Like so many of the creepy supernatural thrillers
that were made for television in the ’70s, A
Cold Night’s Death is roughly equivalent to an extended Twilight Zone episode in that it’s all
about the elaborate setup for a freaky twist ending. Two inherent problems: 1)
If the audience guesses the twist prematurely, it’s slow going from that point
forward, and 2) There’s nowhere for the story to go once the business of
setting up the premise has been completed. Sure enough, A Cold Night’s Death lags quite badly in the middle, even though
it’s only 74 minutes long. Happily, the combination of an intelligent script,
dense visual atmospherics, solid acting, and a weird electronic score
compensate for the enervated narrative. Nothing in this picture is
jump-out-of-your-skin scary, but A Cold
Night’s Death is enjoyably eerie from start to finish.
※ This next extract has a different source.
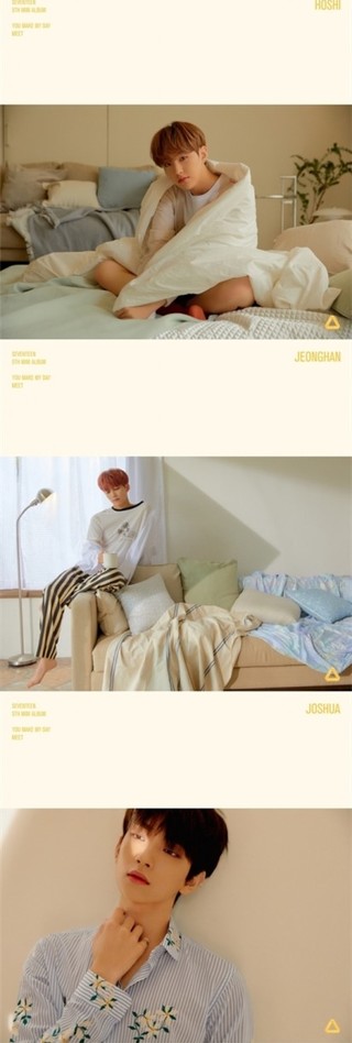 人民网讯 4日,韩国男团SEVENTEEN的迷你5辑《YOU MAKE MY DAY》官方预告照MEET版本公开。

Frank (Eli Wallach)
and Robert (Robert Culp) are researchers tasked with operating a laboratory
installation that’s positioned atop a mountain. The brutal elevation? 14,000
feet. They’re rushed to the location ahead of schedule by helicopter, because
ground-level administrators lose contact with the lab’s previous occupant. Upon
arrival, Frank and Robert discover that their predecessor froze to death,
leaving windows open so the various primates in laboratory cages nearly died
from exposure, as well. Therefore, in addition to performing normal research,
the scientists must solve the mystery of why their predecessor died.
A Cold Night’s Death takes the
slow-but-steady approach to suspense. The film’s palette is carefully
controlled, mostly blues and grays to complement the massive show drifts
outside the laboratory, and lots of scenes take place at night, with just one
character awake and prowling through empty halls while trying to identify the
sources of peculiar sounds. Culp and Wallach personify extremes effectively—Culp
plays a deeply curious man open to the possibilities of the unexplained,
whereas Wallach sketches a fellow who is rational to a fault. This, of course,
leads to tension as the situation worsens, but it’s to the filmmakers’ credit
that they don’t follow the obvious path of putting these two characters at each
other’s throats on a regular basis. Instead, the scientists duel intellectually
until circumstances force a confrontation. Through it all, the bleeps and
chirps and twangs of Gil Melle’s otherworldly electronic score jangle the
viewer’s nerves appropriately. And if the twist ending is so far-fetched as to
be a little bit goofy, well, that’s an occupational hazard for storytellers
operating in the realm that Rod Serling charted.